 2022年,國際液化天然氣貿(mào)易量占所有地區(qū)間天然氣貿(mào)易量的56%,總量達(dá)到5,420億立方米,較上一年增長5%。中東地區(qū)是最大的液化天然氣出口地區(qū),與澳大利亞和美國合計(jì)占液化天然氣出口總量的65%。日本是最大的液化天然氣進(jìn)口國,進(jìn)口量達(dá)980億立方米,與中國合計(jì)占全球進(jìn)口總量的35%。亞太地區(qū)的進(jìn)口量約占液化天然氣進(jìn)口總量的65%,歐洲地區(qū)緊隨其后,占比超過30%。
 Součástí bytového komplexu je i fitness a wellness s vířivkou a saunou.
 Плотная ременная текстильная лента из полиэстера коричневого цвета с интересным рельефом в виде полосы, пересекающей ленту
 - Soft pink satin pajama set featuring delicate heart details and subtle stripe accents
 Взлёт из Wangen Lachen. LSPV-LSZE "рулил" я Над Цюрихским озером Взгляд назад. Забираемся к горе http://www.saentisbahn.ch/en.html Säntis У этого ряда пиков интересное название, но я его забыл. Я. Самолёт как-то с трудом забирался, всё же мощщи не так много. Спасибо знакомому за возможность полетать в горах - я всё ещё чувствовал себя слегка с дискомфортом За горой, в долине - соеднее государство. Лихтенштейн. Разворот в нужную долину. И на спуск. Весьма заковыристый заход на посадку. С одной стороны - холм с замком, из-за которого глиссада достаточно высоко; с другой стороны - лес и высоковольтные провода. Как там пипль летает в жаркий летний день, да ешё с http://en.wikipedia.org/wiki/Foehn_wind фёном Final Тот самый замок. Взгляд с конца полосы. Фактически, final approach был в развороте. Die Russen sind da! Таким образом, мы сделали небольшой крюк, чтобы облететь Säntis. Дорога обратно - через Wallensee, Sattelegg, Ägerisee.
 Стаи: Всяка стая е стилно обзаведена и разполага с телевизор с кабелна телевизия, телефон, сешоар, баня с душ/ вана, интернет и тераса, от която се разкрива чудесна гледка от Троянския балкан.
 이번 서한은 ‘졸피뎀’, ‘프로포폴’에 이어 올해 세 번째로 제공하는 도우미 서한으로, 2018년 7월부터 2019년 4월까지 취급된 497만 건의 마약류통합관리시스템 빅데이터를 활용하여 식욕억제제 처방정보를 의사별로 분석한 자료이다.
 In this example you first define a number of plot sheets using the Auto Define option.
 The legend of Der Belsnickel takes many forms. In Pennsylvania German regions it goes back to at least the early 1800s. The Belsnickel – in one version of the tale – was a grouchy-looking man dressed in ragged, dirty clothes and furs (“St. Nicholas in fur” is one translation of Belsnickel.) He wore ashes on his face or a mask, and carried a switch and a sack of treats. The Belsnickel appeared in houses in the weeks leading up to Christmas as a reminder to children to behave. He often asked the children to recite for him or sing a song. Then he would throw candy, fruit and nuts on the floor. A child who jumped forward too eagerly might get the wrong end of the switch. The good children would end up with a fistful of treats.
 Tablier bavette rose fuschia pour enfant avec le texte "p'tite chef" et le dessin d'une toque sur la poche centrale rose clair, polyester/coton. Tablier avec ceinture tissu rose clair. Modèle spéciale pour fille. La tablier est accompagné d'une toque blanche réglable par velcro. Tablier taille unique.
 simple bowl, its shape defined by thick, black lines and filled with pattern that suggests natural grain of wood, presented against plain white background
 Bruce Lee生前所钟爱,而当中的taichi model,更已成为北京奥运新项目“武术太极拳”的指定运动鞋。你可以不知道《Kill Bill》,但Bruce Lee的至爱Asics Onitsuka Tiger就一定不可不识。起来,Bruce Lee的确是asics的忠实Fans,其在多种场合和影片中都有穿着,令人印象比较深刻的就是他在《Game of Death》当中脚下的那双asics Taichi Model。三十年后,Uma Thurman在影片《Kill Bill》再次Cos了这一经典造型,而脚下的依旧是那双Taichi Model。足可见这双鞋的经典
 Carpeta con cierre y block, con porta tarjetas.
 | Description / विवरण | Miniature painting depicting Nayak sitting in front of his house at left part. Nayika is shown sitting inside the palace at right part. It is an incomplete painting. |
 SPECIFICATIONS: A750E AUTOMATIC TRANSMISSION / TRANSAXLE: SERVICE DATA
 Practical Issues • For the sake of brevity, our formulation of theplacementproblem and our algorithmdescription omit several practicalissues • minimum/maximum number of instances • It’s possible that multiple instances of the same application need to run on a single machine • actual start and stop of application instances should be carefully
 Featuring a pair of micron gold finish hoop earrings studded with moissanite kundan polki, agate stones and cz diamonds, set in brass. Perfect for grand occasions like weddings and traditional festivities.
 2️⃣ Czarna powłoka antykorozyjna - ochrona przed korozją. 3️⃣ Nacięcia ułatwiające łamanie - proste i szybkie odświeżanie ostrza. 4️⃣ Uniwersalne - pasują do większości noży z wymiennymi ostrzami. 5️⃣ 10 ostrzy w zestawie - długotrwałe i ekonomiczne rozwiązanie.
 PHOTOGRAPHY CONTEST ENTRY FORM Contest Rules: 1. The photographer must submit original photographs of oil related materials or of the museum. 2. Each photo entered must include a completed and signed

- - - - -

WORK INSTRUCTION: Above are the entries. Copy exactly the part that opens with the line containing "In this example" and closes with the line containing "Tablier bavette rose", and no more.

EXERCISE ANSWER:
 In this example you first define a number of plot sheets using the Auto Define option.
 The legend of Der Belsnickel takes many forms. In Pennsylvania German regions it goes back to at least the early 1800s. The Belsnickel – in one version of the tale – was a grouchy-looking man dressed in ragged, dirty clothes and furs (“St. Nicholas in fur” is one translation of Belsnickel.) He wore ashes on his face or a mask, and carried a switch and a sack of treats. The Belsnickel appeared in houses in the weeks leading up to Christmas as a reminder to children to behave. He often asked the children to recite for him or sing a song. Then he would throw candy, fruit and nuts on the floor. A child who jumped forward too eagerly might get the wrong end of the switch. The good children would end up with a fistful of treats.
 Tablier bavette rose fuschia pour enfant avec le texte "p'tite chef" et le dessin d'une toque sur la poche centrale rose clair, polyester/coton. Tablier avec ceinture tissu rose clair. Modèle spéciale pour fille. La tablier est accompagné d'une toque blanche réglable par velcro. Tablier taille unique.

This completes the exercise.